The Washington DC metropolitan area has 24 regional waste water treatment plants that treat 90% of the regions waste water. About 10% of the region is served by on-site septic systems. Combined, the waste water treatment plants treated an average of 544 million gallons of water a day in 2013. Blue Plains remains the largest plant in the region. The Washington DC region also has over 16,000 miles of pipes and pumping stations that move sewage from our homes to the waste water treatment plants. Due to the age of the Washington DC and Alexandria systems, parts of those systems are what is called combined systems where sewer and stormwater are carried through the same pipes. These systems tend to be overwhelmed by the volume of water during rain storms.
The Blue Plains Advanced Waste Water Treatment Plant is under a consent order from the Environmental Protection Agency, EPA, to meet new effluent limits for total nitrogen released and better control of the system during storms and has just completed boring a four-and-a-half-mile-long tunnel that will be used to store the excess storm and sewage water flow during rains and reduce releases of raw sewage into the Anacostia River.
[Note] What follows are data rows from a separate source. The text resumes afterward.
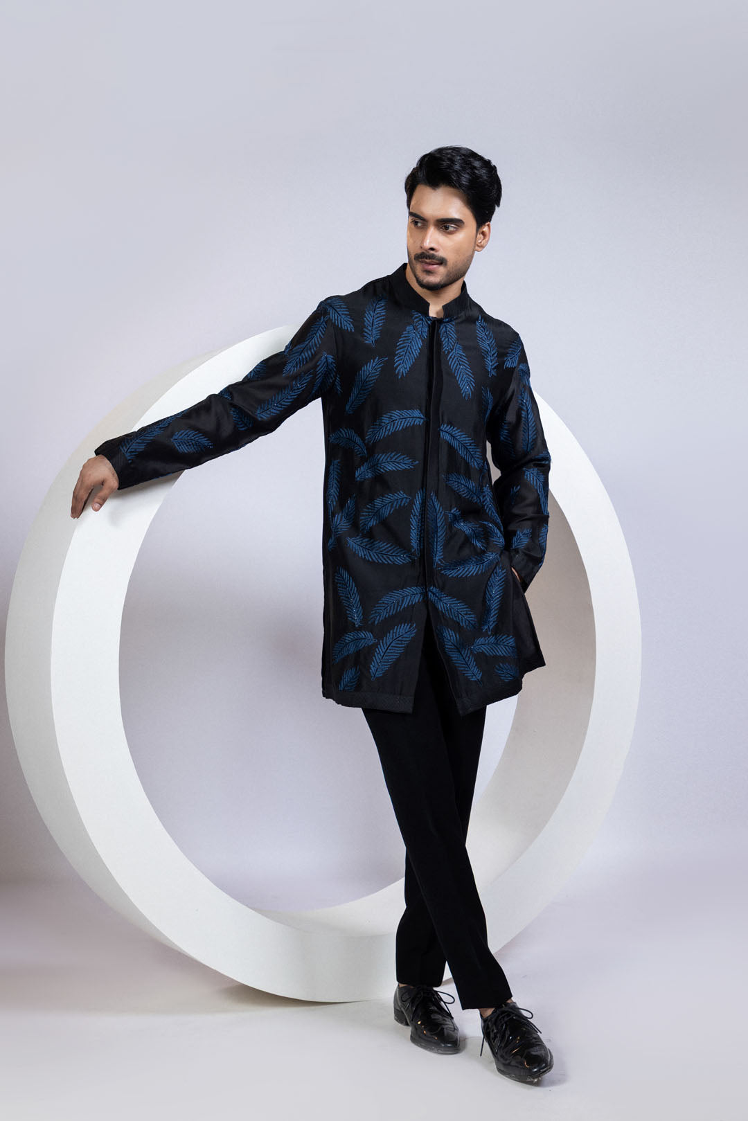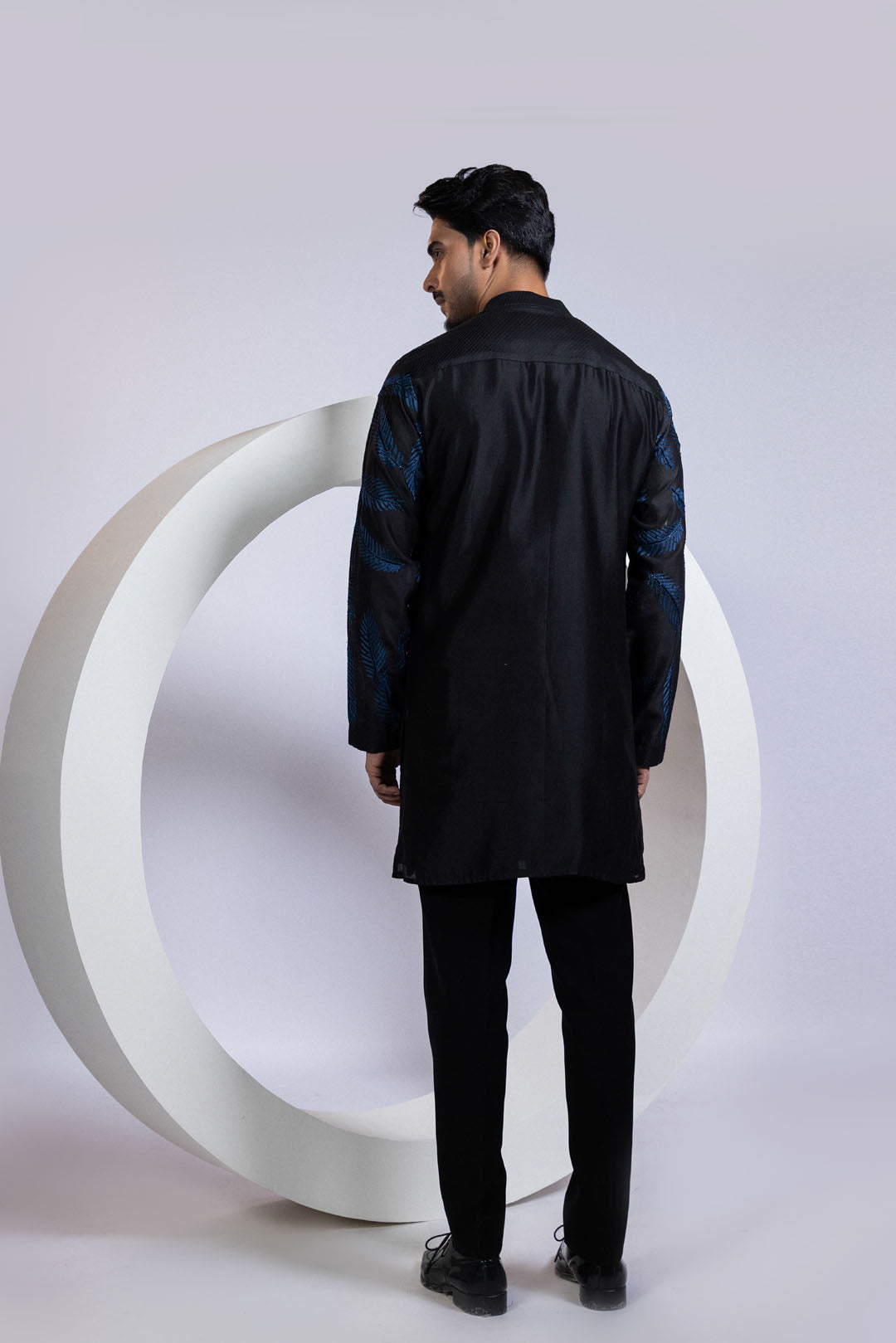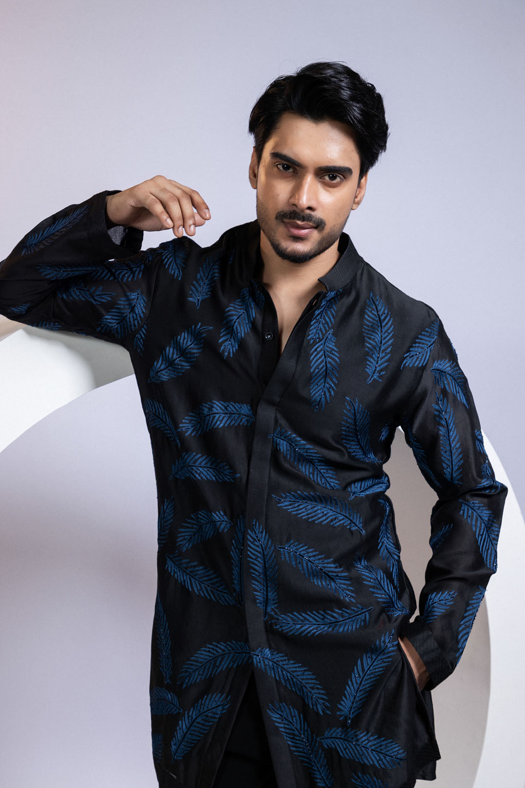 A black two-piece kurta set featuring bold indigo fern leaf embroidery in thread and cutdana across the front, back yoke, sleeves, and collar. The detailed anchoring adds depth and structure to the botanical-inspired design. A refined look with subtle edge—perfect for evening festivities and modern celebrations.
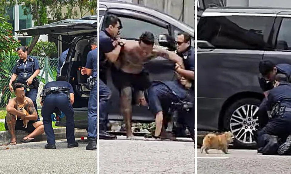 Photos taken by a Shin Min Daily News reader show that the man, who was shirtless, appeared to be holding a dog during the incident.
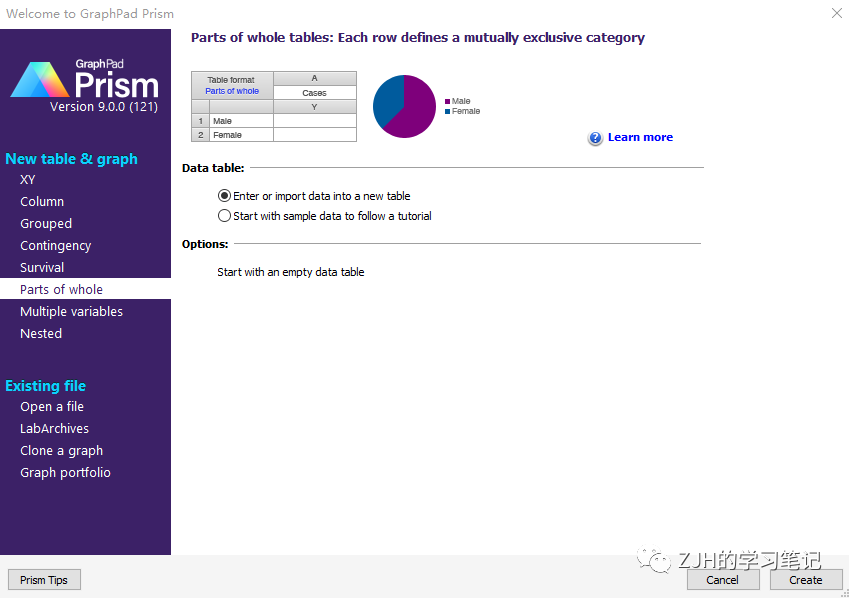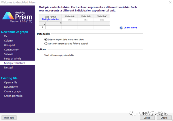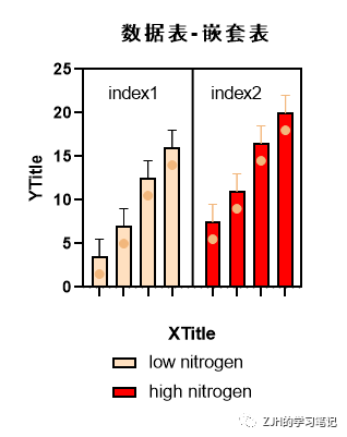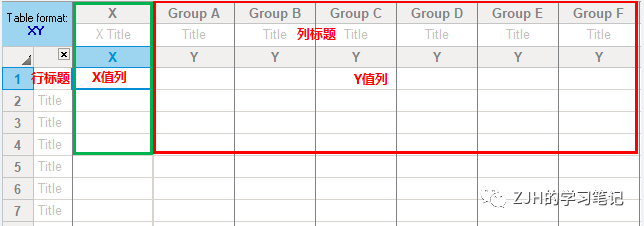 数据表由列和行组成,在大多数情况下,第一列为X值。其余列为Y值,且这些列可被分为子列,用于输入误差条。
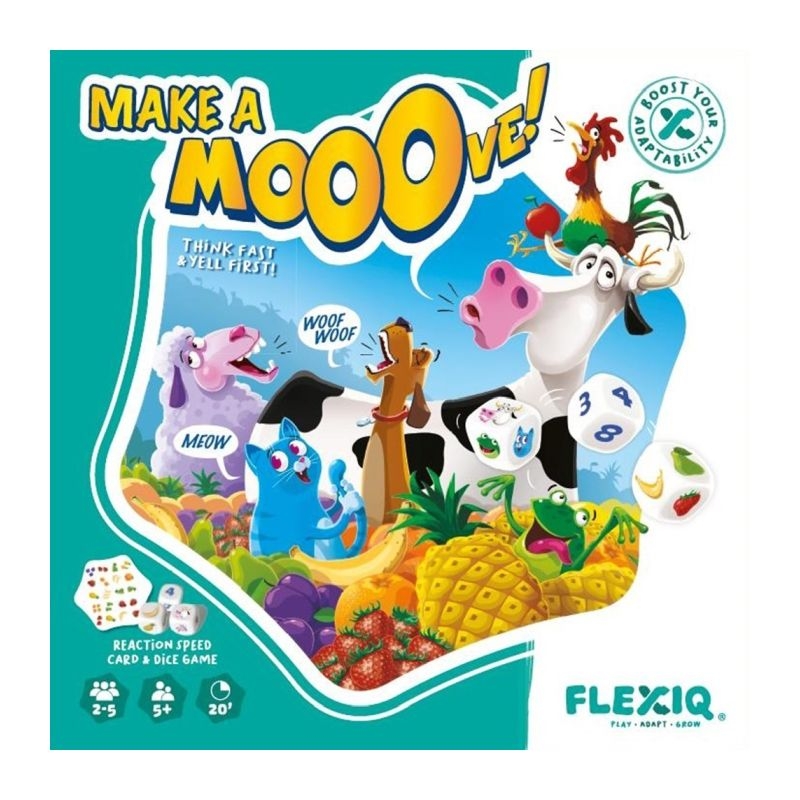 Επιτραπέζιο παιχνίδι στρατηγικής "Κάνε μία κίνηση" από τη συλλογή επιτραπέζιων της FlexiQ, που ενδυναμώνουν την αντίληψη, τον στρατηγικό τρόπο σκέψης, ενώ εστιάζουν στην ταχύτητα αντίδρασης των παιδιών. Οι παίκτες μπορούν να ξεκινήσουν με το επίπεδο 3 ζαριών. Ρίχνουν τα ζάρια και ανοίγουν μια κάρτα. Έπειτα προσπαθούν να πουν πιο γρήγορα το όνομα του φρούτου ή να μιμηθούν τον ήχο του ζώου στο ζάρι για να κερδίσουν την κάρτα. Εξετάζουν πολλαπλές επιλογές και κάνουν τις σωστές συνδέσεις. Μπορούν να χρησιμοποιήσουν και τα 4 ζάρια για ακόμα πιο συναρπαστικό παιχνίδι. Όποιος παίκτης συλλέξει τις περισσότερες κάρτες, στέφεται μεγάλος νικητής.
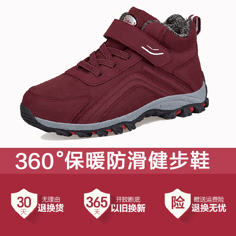 寿足力老人健步鞋棉鞋女冬季保暖鞋加绒妈妈鞋加厚舒适防滑中老年
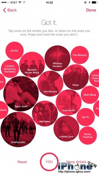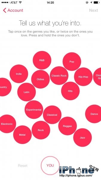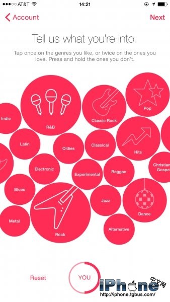 選好之後,進入個性化設置界面。熟悉Beats Music的人看了會覺得眼熟,很多紅色的小圓,上面都是各種音樂流派的名字,比如R&B,流行音樂、搖滾、爵士等。

This tunnel is part of a $7.8 billion 20 year improvement program called the Clean Rivers Project.
In 2013 the Washington DC region spent about $1.3 billion on capital investments primarily at the waste water treatment plants and spend $950 in operating cost for their waste water systems. The majority of this money was spent at the central waste water treatment plants. Though the region’s waste water treatment plants have made sizable investment to meet the U.S. EPA discharge permit limits, less has been spent of the sewer piping system. The Metropolitan Washington Council of Governments that over $1 billion will need to be spent each year to replace and properly maintain the aging sewer pipes, pumps and valves in the waste water gathering system. As our aging sewers fail, public health and the water quality of our rivers, streams and estuaries are threatened.